Each product is different, some need the level of access that a full native app can provide and for other services it makes no sense to do anything other than a web app. There is no single answer that caters for all but in some cases it might be feasible to do either and the choice comes more down to which it seems users are simply likely to prefer for one reason or another.
There are arguments in both directions - browsers today are fast and there are many mature technologies to build on. They also provide some degree of cross platform benefits (depending on how far back you need to support IE). The same can be said about native apps although in many cases the user experience particularly for getting up and running isn't nearly so smooth and simple (this is something we are trying hard to address with JWrapper).
Lincoln Murphy's interview with Office Drop over at sixteenventures provides some interesting insights though. Aside from the fascinating drag into a Freemium model as a result of negative reviews posted by mobile users with fundamentally different expectations around the apps marked 'Free', they also found that their heaviest users (who were apparently also their most 'willing to pay') were strongly pushing for an app over their existing web UI. It seems this wasn't to do with issues with their web UI as they had invested heavily in it but just that these users preferred an app as they felt apps worked better in their workflow.

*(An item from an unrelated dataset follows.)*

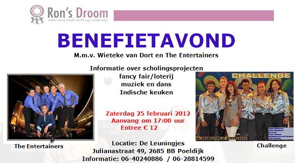 Voor u ligt Nieuwsbrief 8 die geheel gewijd is aan de benefietavond van Stichting Ron’s Droom die zal plaatsvinden op zaterdag 25 februari 2012 in De Leuningjes, Julianastraat 49, 2685 BB Poeldijk. De aanvang is 17.00 uur en de entree bedraagt 12 EURO.

This wasn't something they expected in fact their company ethos to this point had been that they would go with a pure web UI and entirely avoid native apps but the evidence ultimately pushed them in the opposite direction.
This push and eventual shift is reminiscent of the early days of the iPhone. When the original iPhone was released there was no 3rd party SDK and no capacity for developers to build native apps for the device, the reasoning being that developers could build web applications that "would behave like native apps on the iPhone". Ultimately though pressure from developers led to Apple releasing the SDK and the App Store is now about to break 10 billion downloads.
End users aren't really interested in the ideological or technical reasons behind an app implementation - they care about what the app can do, and works best for them.